12. Great question! Since the KIP aims to be as non-invasive as possible,
the controller has no knowledge of the saturated state - the brokers do not
propagate any new information. As such they will be reported as having
thrown a KafkaStorageException whenever DescribeReplicaLogDirs is called.
Again, this decision came from me wanting the change to be as least
invasive as possible - the new state could be propagated.

13. Yes, I forgot to add this to the KIP and will amend it in the upcoming
days. I was planning on proposing a metric similar to
kafka.log:type=LogManager,name=OfflineLogDirectoryCount, except that it
will show the count of SaturatedLogDirectory.

14. Great question and I will clarify this in the KIP! No, similarly to
getting out the offline state getting out of the saturated state once space
has been reclaimed would require a bounce of the broker.

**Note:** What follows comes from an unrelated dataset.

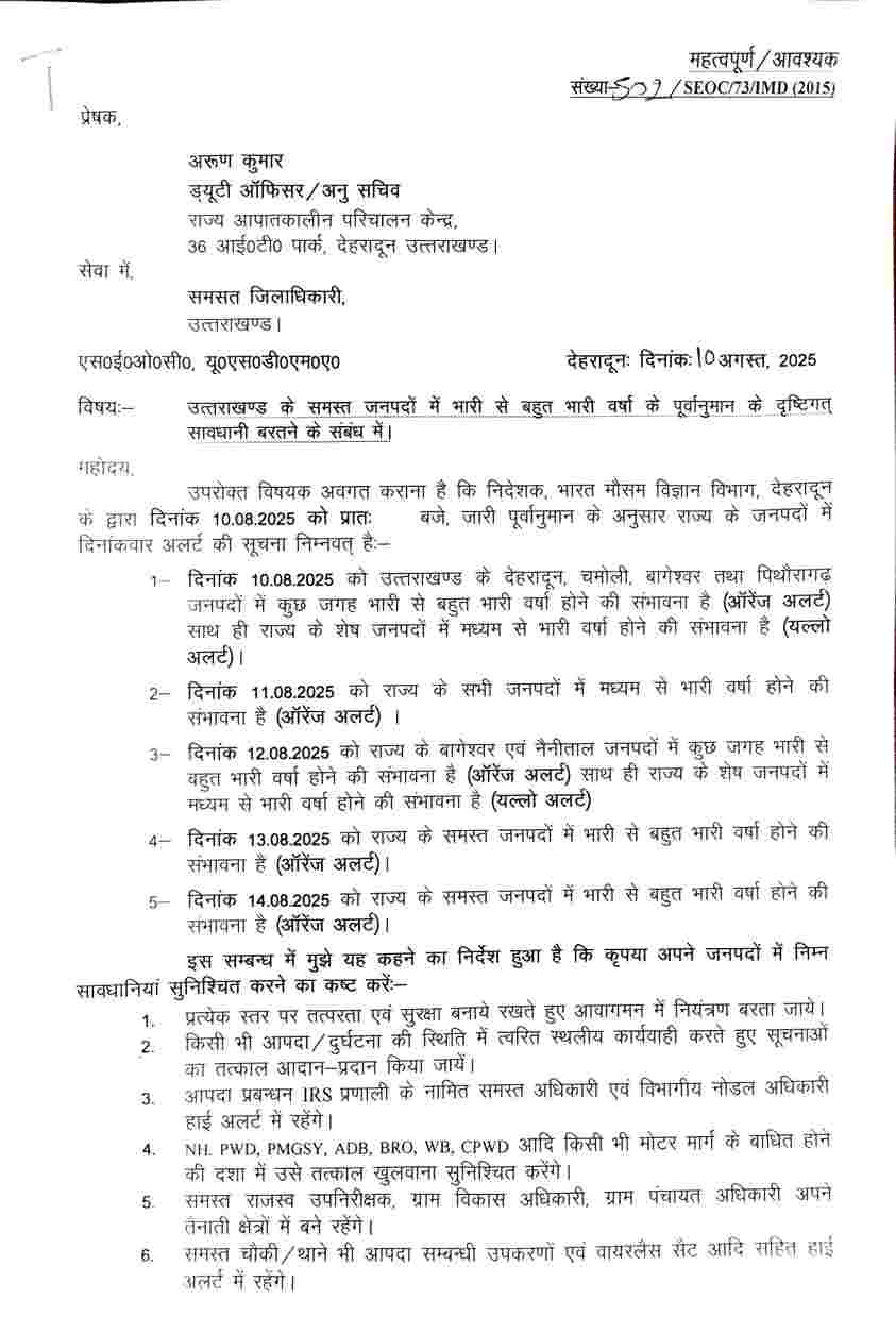 आज रविवार देर शाम जारी इस आदेश में बताया गया है कि मौसम विभाग द्वारा आज जारी ताजा पूर्वानुमान में दिनांक 10.08.2025 को उत्तराखण्ड के देहरादून, चमोली, बागेश्वर तथा पिथौरागढ़ जनपदों में कुछ जगह भारी से बहुत भारी वर्षा होने की संभावना जताते हुए ऑरेंज अलर्ट तथा अन्य सभी जनपदों में मध्यम से भारी वर्षा होने की संभावना व्यक्त करते हुए यलो अलर्ट जारी किया है।

I have a want
should the KIP be accepted to build upon the proposal to allow
auto-recovery without the need of a restart.

Best,
Christo

On Fri, 2 Jun 2023 at 17:02, Igor Soarez <so...@apple.com.invalid> wrote:

> Hi Christo,
>
> Thank you for the KIP. Kafka is very sensitive to filesystem errors,
> and at the first IO error the whole log directory is permanently
> considered offline. It seems your proposal aims to increase the
> robustness of Kafka, and that's a positive improvement.
>
> I have some questions:
>
> 11. "Instead of sending a delete topic request only to replicas we
> know to be online, we will allow a delete topic request to be sent
> to all replicas regardless of their state. Previously a controller
> did not send delete topic requests to brokers because it knew they
> would fail. In the future, topic deletions for saturated topics will
> succeed, but topic deletions for the offline scenario will continue
> to fail." It seems you're describing ZK mode behavior? In KRaft
> mode the Controller does not send requests to Brokers. Instead
> the Controller persists new metadata records which all online Brokers
> then fetch. Since it's too late to be proposing design changes for
> ZK mode, is this change necessary? Is there a difference in how the
> metadata records should be processed by Brokers?
>
> 12. "We will add a new state to the broker state machines of a log
> directory (saturated) and a partition replica (saturated)."
> How are log directories and partitions replicas in these states
> represented in the Admin API? e.g. `DescribeReplicaLogDirs`
>
> 13. Should there be any metrics indicating the new saturated state for
> log directories and replicas?
>
> 14. "If an IOException due to No space left on device is raised (we
> will check the remaining space at that point in time rather than the
> exception message) the broker will stop all operations on logs
> located in that directory, remove all fetchers and stop compaction.
> Retention will continue to be respected. The same node as the
> current state will be written to in Zookeeper. All other
> IOExceptions will continue to be treated the same way they are
> treated now and will result in a log directory going offline."
> Does a log directory in this "saturated" state transition back to
> online if more storage space becomes available, e.g. due to
> retention policy enforcement or due to topic deletion, or does the
> Broker still require a restart to bring the log directory back to
> full operation?
>
> Best,
>
> --
> Igor
>
>
>

Re: [DISCUSS] KIP-928: Making Kafka resilient to log directories becoming full

Posted by Igor Soarez <so...@apple.com.INVALID>.

Hi Christo,

Thank you for the KIP. Kafka is very sensitive to filesystem errors,
and at the first IO error the whole log directory is permanently
considered offline. It seems your proposal aims to increase the
robustness of Kafka, and that's a positive improvement.

I have some questions:

11. "Instead of sending a delete topic request only to replicas we
know to be online, we will allow a delete topic request to be sent
to all replicas regardless of their state. Previously a controller
did not send delete topic requests to brokers because it knew they
would fail. In the future, topic deletions for saturated topics will
succeed, but topic deletions for the offline scenario will continue
to fail." It seems you're describing ZK mode behavior? In KRaft
mode the Controller does not send requests to Brokers. Instead
the Controller persists new metadata records which all online Brokers
then fetch. Since it's too late to be proposing design changes for
ZK mode, is this change necessary? Is there a difference in how the
metadata records should be processed by Brokers?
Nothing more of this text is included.